**What to do**: Would you return the listing that follows exactly, leaving its pictures behind?

**Data excerpt**:
+-------+
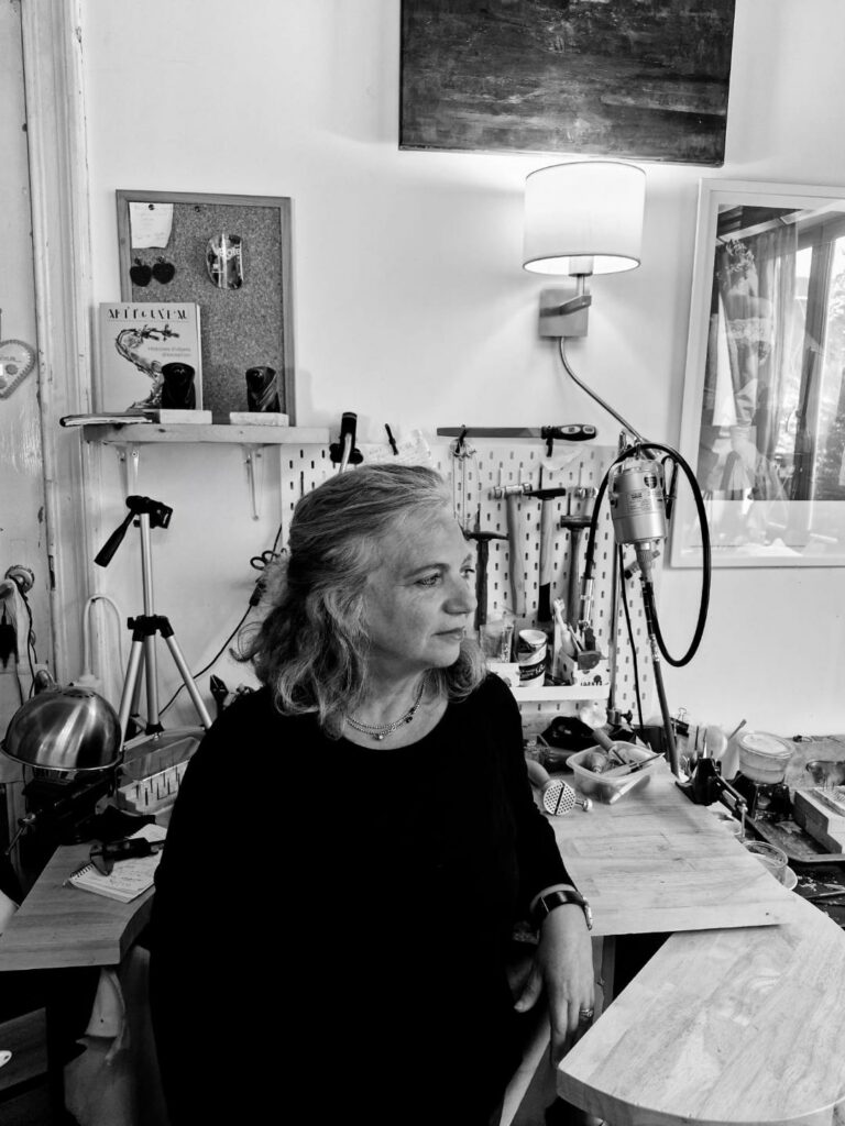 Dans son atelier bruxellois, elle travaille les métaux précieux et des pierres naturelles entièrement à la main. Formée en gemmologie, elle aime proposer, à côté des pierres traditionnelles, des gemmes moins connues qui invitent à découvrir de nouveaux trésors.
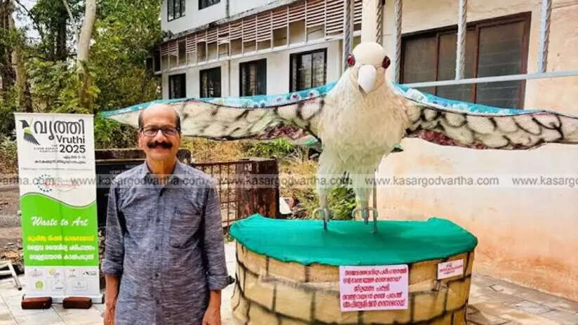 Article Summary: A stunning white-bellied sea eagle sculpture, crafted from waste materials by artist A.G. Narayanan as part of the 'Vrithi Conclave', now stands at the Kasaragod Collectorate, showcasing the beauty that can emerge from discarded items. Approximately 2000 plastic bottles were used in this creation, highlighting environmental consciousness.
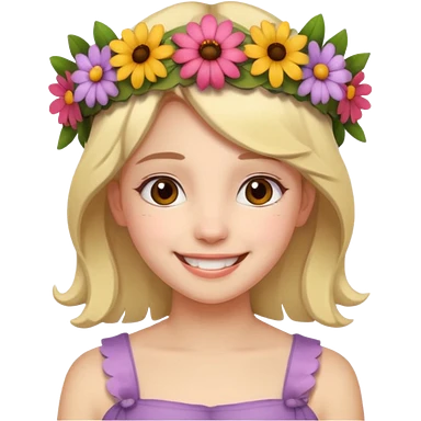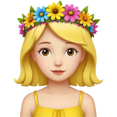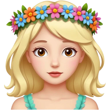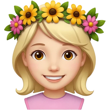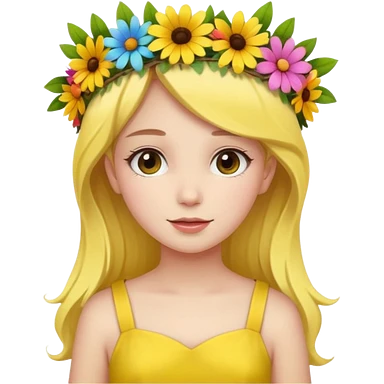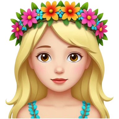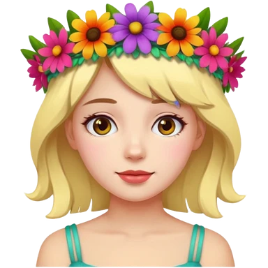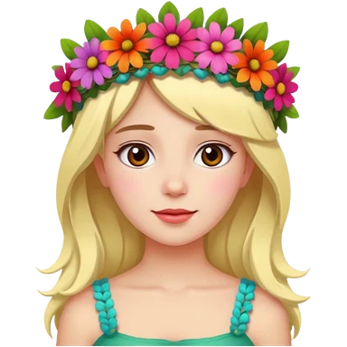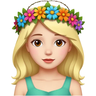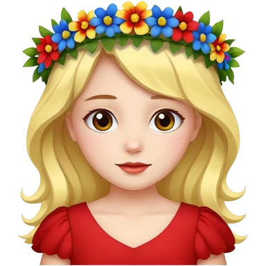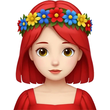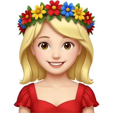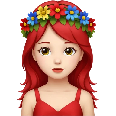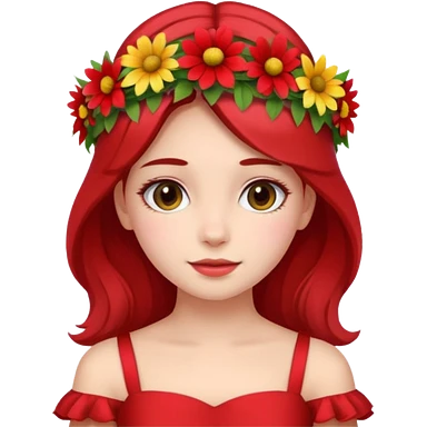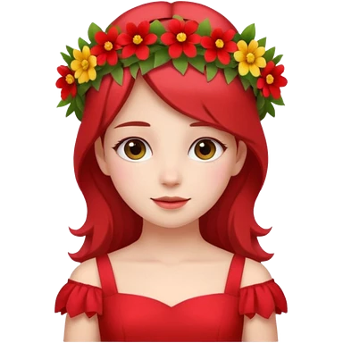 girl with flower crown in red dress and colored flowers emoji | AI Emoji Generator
+-------+
**Worked solution**:
 Dans son atelier bruxellois, elle travaille les métaux précieux et des pierres naturelles entièrement à la main. Formée en gemmologie, elle aime proposer, à côté des pierres traditionnelles, des gemmes moins connues qui invitent à découvrir de nouveaux trésors.
 Article Summary: A stunning white-bellied sea eagle sculpture, crafted from waste materials by artist A.G. Narayanan as part of the 'Vrithi Conclave', now stands at the Kasaragod Collectorate, showcasing the beauty that can emerge from discarded items. Approximately 2000 plastic bottles were used in this creation, highlighting environmental consciousness.
 girl with flower crown in red dress and colored flowers emoji | AI Emoji Generator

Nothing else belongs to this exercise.